Birdseye Maple 'Eye' dot Inlays

Archie Macfarlane

Active member
Messages
98
I'm wondering if anyone who has built their own necks/guitars has ever tried this or if it would work bahaha

On say a dark fingerboard RM RW or Ebony instead of clay dots what you do is get a bit of Birdseye Maple, find the Birdseye 'Eye' figures in there of a suitable size and of a good colour contrast, you get say a black piece of paper with a dot inlay size hole  in it, and you don't cut necessarily perfectly on the 'eye' circle but a little off each maybe time varying it for each inlay so you get the contrast. And then this is really finicky but you label the fret number location and put a finish on the tiny top of the circle eye dots that you've cut to get it to pop and sparkle against the fingerboard

I hope this made some sense to you guys it was an idea I had kind of like a natural Guthrie govan inlay because he has the like ebony circle dots
Also inspired by a two tone maple idea I had aka plain fretboard roasted back which I've never seen done really but have been told it would work

THANKS 👍
 

Fat Pete

Senior member
Messages
1,641
Why not? I'm trying to get my head around attempting to make my first neck and considering contrasting wood inlays.

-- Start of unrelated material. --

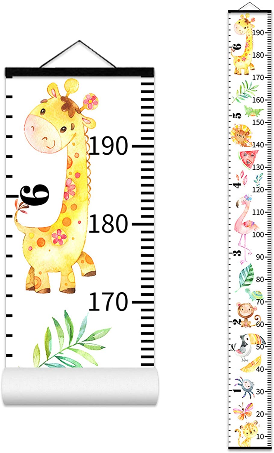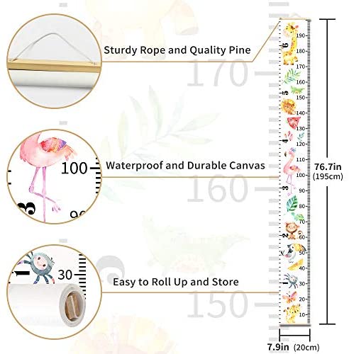 ASENART Growth Chart for Kids Roll-up Height Chart for Boys Girls Fabric Canvas Animal Height Measurement Ruler for Nursery Room Removable Wall Decor 79
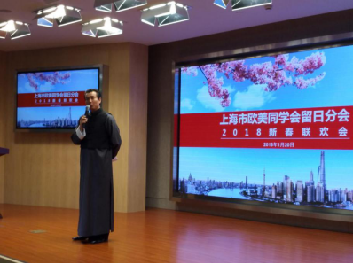 1月20日,留日分会2018年新春联谊会在上海民主党派大厦盛大召开,留日学长100多人欢聚一堂。总会常务副会长、留日分会会长臧广陵,总会常务副会长左学金,昆山市侨务办公室主任谢全林,日本驻上海总领事馆总领事片山和之、领事高岡智子,上海日本商工俱乐部理事长小宮健一,日本贸易振兴机构(JETRO)上海代表处所长小栗道明,日中经济协会上海事务所所长伊藤智,日本主流媒体读卖新闻、朝日新闻、每日新闻驻沪支局长吉永亜希子、冨名腰隆、林哲平等应邀出席。联谊会由著名媒体人吴四海学长主持。

If you wanted a gloss finish only on the dots, you'd probably have to do something like install them slightly recessed and drop fill a finish into the holes (which would probably rule out rosewood or other woods with visible pores).

I'm not sure what you mean by labelling the fret numbers?
 

docteurseb

Senior member
Messages
743
I made 1/4" curly maple dots last year. Did an experiment where: you insert them recessed (I also dyed them first), fill with clear epoxy, sand/buff flush with the fingerboard:

https://www.unofficialwarmoth.com/index.php?topic=31594.75
index.php


I have plenty left as I never got to use them on an actual neck.

This gives a cool look like PRS Private Stock guitars that also are often spec'd with dyed curly maple bird inlays.
In their case though they do this the right way: take a whole piece of curly maple, dye it, then lay out some epoxy layer. Once dry, they laser cut the inlays and install them.